▶ _WHAT TO DO_
From the material below, retype exactly the lines that begin at the line with "BY Русские Супергерои" and end after the line with "Длинные волнистые парики"; pictures stay out of the copy.

▶ _DATA EXTRACT_
__________
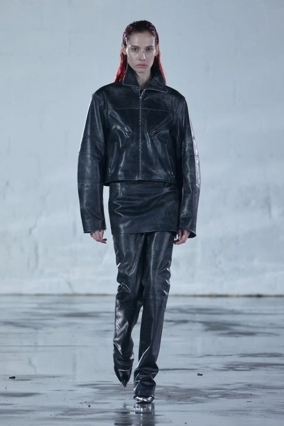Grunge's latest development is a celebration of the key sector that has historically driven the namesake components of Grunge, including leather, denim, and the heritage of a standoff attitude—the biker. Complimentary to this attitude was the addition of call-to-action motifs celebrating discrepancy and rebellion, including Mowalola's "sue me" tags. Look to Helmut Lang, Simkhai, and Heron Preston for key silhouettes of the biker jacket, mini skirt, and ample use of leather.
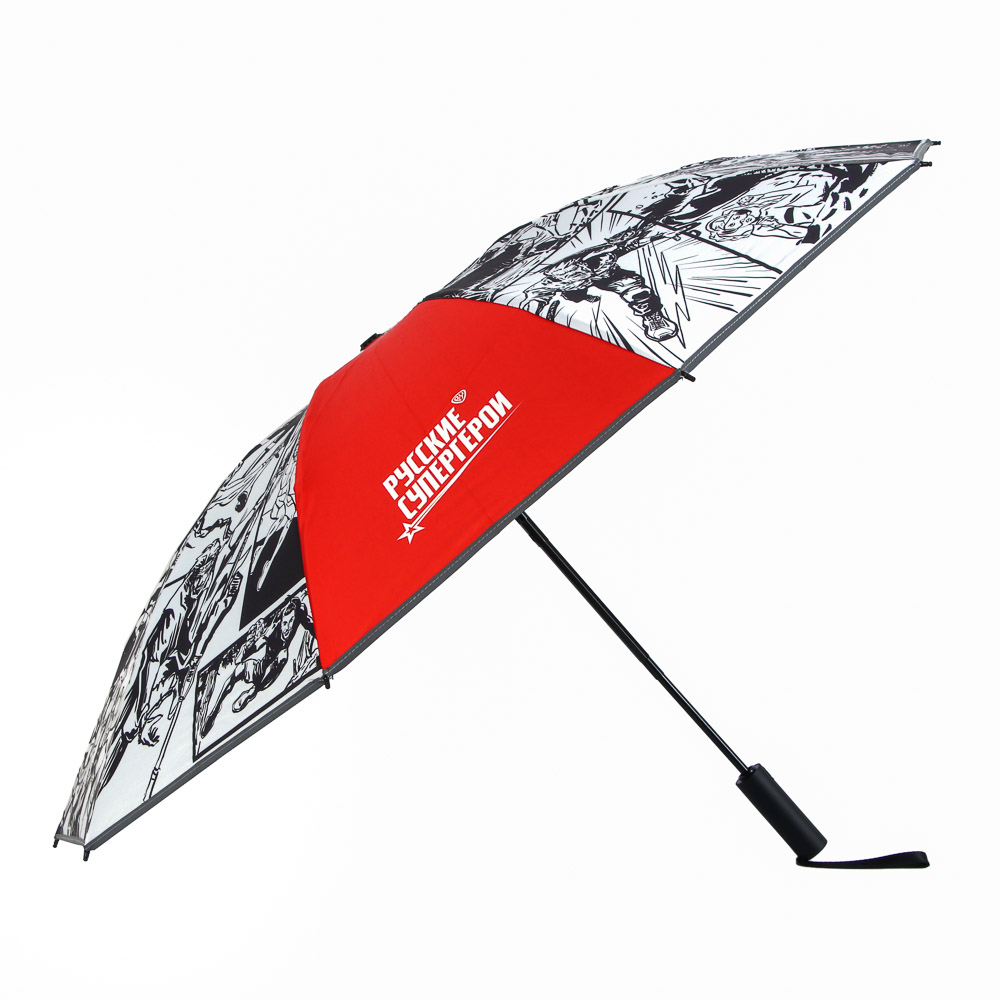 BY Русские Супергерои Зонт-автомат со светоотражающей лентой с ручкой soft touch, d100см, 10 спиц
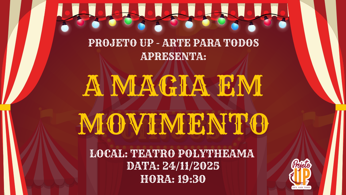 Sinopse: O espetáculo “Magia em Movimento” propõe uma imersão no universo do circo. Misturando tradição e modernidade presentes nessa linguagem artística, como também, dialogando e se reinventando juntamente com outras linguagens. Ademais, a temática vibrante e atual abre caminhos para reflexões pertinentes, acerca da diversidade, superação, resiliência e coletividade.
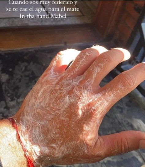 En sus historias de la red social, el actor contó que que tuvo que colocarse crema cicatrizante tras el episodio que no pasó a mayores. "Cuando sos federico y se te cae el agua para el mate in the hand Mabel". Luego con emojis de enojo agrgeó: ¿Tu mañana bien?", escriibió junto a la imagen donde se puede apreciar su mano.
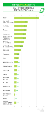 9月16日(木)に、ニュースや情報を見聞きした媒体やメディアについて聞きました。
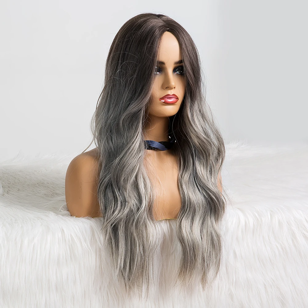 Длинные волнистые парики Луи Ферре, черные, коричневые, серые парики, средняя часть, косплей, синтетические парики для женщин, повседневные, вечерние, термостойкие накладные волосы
__________
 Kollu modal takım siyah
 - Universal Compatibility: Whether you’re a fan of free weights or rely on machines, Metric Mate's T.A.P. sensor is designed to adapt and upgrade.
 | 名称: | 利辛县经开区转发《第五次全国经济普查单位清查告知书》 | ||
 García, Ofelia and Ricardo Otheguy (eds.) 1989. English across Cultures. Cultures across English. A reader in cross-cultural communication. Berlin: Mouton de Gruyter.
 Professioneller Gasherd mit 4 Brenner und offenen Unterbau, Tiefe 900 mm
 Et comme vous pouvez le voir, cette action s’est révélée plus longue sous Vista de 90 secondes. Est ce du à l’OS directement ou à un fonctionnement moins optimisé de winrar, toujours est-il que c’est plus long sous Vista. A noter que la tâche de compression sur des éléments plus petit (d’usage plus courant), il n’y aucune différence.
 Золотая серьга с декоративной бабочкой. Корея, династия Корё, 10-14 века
__________
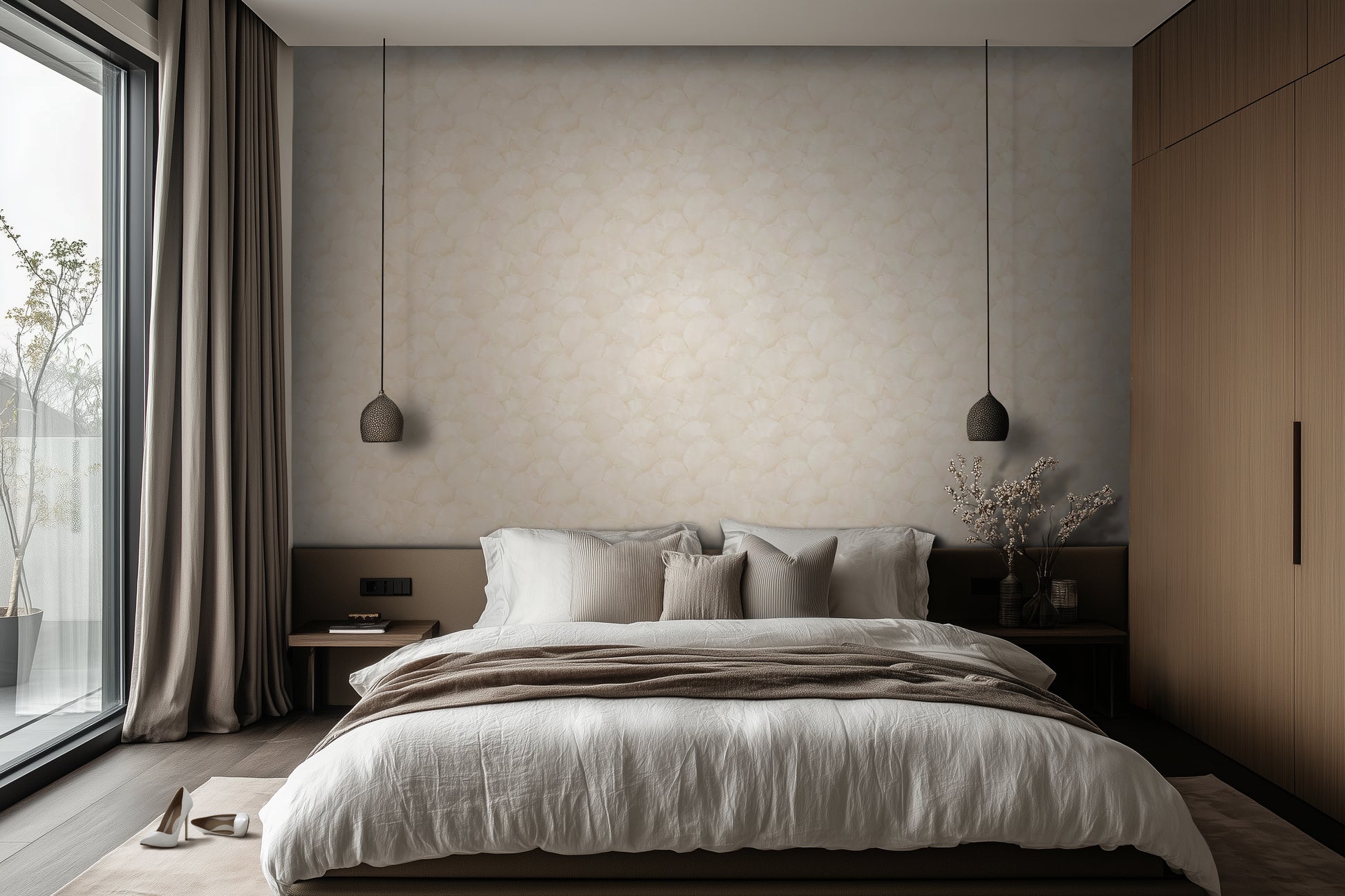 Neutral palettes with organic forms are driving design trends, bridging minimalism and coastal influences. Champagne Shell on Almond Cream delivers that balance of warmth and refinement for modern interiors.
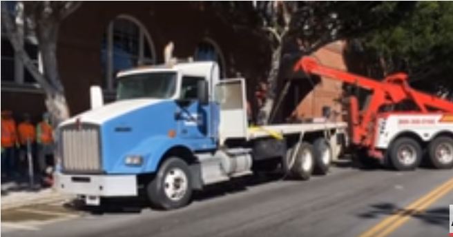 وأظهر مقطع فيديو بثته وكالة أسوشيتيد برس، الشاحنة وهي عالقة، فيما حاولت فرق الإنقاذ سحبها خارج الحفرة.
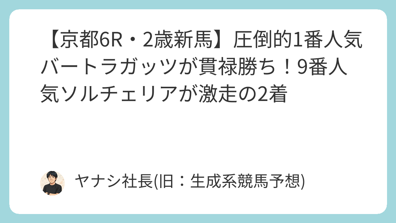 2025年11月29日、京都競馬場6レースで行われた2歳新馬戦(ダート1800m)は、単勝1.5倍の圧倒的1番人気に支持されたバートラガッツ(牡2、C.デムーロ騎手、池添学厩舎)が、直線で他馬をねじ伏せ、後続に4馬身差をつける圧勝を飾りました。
__________
▶ _RESPONSE AREA_
 BY Русские Супергерои Зонт-автомат со светоотражающей лентой с ручкой soft touch, d100см, 10 спиц
 Sinopse: O espetáculo “Magia em Movimento” propõe uma imersão no universo do circo. Misturando tradição e modernidade presentes nessa linguagem artística, como também, dialogando e se reinventando juntamente com outras linguagens. Ademais, a temática vibrante e atual abre caminhos para reflexões pertinentes, acerca da diversidade, superação, resiliência e coletividade.
 En sus historias de la red social, el actor contó que que tuvo que colocarse crema cicatrizante tras el episodio que no pasó a mayores. "Cuando sos federico y se te cae el agua para el mate in the hand Mabel". Luego con emojis de enojo agrgeó: ¿Tu mañana bien?", escriibió junto a la imagen donde se puede apreciar su mano.
 9月16日(木)に、ニュースや情報を見聞きした媒体やメディアについて聞きました。
 Длинные волнистые парики Луи Ферре, черные, коричневые, серые парики, средняя часть, косплей, синтетические парики для женщин, повседневные, вечерние, термостойкие накладные волосы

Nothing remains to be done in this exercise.